Agora Ou Nunca

8 Almoçando com o inimigo - Parte 2


Notas iniciais
Como prometido, a segunda parte da história.
Boa Leitura!

O restaurante que ele a levou era tão perto que dava para ir a pé. Sakura agradeceu à Deus por isso. O pensamento de se ver presa dentro de um táxi ao lado dele era insuportável, quase sufocante. Embora caminhar também não fosse muito agradável.

Ela sentiu-se estranha ao lado dele e não conseguia olhá-lo. A muito tempo não se sentia assim. Ficar nervosa na presença de um homem a ponto de não olhá-lo na cara. Pela primeira vez Sasuke estava mexendo com sua cabeça.

Para piorar a situação dos dois, eles caminhavam em ritmos diferentes, tentando adivinhar a velocidade natural um do outro.

Sasuke é alto, então Sakura decidiu que ele, provavelmente, andava muito depressa. Não queria ficar atrás, então começou a andar com muita rapidez, para acompanhá-lo. De repente, sentiu que provavelmente estava andando rápido demais, e então diminuiu a marcha de forma exagerada. Ao mesmo tempo, ele reparou que ela diminuíra a velocidade dos seus passos e, chateado consigo mesmo, pois deduziu que devia estar forçando-a a acompanhar seus passos longos, então começou a caminhar a passos lerdos, no estilo devagar-quase-parando. Mas Sakura reparou no quanto ele estava caminhando em ritmo deliberadamente lento, aquilo parecia pouco natural e então resolveu acelerar novamente. Ele fez o mesmo, pensando que ficara lento demais para ela. E assim, nesse ridículo passo corre-pára, meio desencontrado, chegaram ao Pimenta Malagueta.

Restaurante caro e barulhento, o Pimenta Malagueta estava no auge da moda. Com sua fachada em linhas curvas, feita de tijolos de vidro, e um exagero no uso de madeira clara por dentro, não era muito diferente do lugar onde comemoraram o aniversário de Ino.

Sasuke tivera o cuidado de reservar uma mesa no canto.

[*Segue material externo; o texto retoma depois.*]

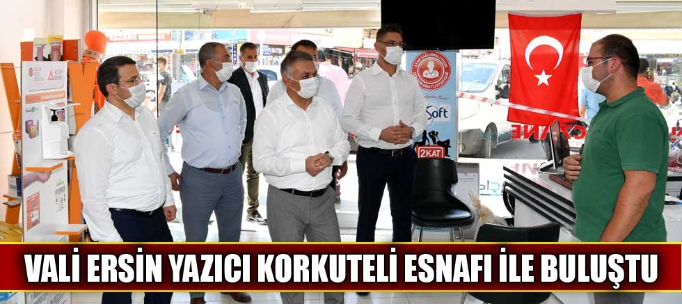 Vali Ersin Yazıcı Korkuteli esnaflarını ziyaret ederek onların hal ve hatırlarını sordu. Aynı cadde üzerinde bulunan pek çok işletmeyi gezen ve esnaflarla buluşan Vali Yazıcı, onlarla tek tek sohbet edip sorunlarını dinledi. Ayrıca yapılan keyifli sohbette esnaflara maske, mesafe ve hijyen kuralları hatırlatılarak el birliğiyle ve tek vücut mücadeleyle pandemi sıkıntısından kurtulabilineceğini ifade etti. Esnafların her birine tek tek hayırlı işler dileyerek, incelemelerde bulunmak üzere, ilçede yapımı süren ve yakın zamanda gençlerin hizmetine sunulacak, Sultan-Ahmet Gençlik Merkezi’ne geçti.

Depois de se instalarem, o barulho pareceu diminuir e Sakura começou a relaxar. A ponto de pedir um cálice de vinho.

— Não fique me olhando desse jeito. – disse ela. – Eu posso ser muito "Caxias" no trabalho, mas ainda sou humana.

— Não estou olhando para você "desse jeito" – reagiu ele, lançando um de seus sorrisos largos. – Se você quer um cálice de vinho, terá o seu cálice de vinho. Tome quantos quiser...

Olhava para ela com tanta satisfação e estima que ela ficou um pouco incomodada e disse, para fugir do embaraço, de forma objetiva:

— Vamos aos negócios. Na conta da cerveja Smith, as principais áreas em que o orçamento estourou foram...

— Sakura... – interrompeu ele de forma gentil, e o jeito com que pronunciou o nome dela, quase com tristeza, a fez ficar com vontade de se levantar e ir embora. – Podemos fazer o pedido antes? E, subitamente, ela decidiu baixar a guarda e dar a si mesma um tempo, só por uma hora. Já estava rechaçando-o há tanto tempo, e reparou que nunca ninguém tinha insistido tanto por uma chance com ela que de repente viu-se subitamente sem munição. “Por que não deixar alguém ser simpático comigo?” Foi seu pensamento.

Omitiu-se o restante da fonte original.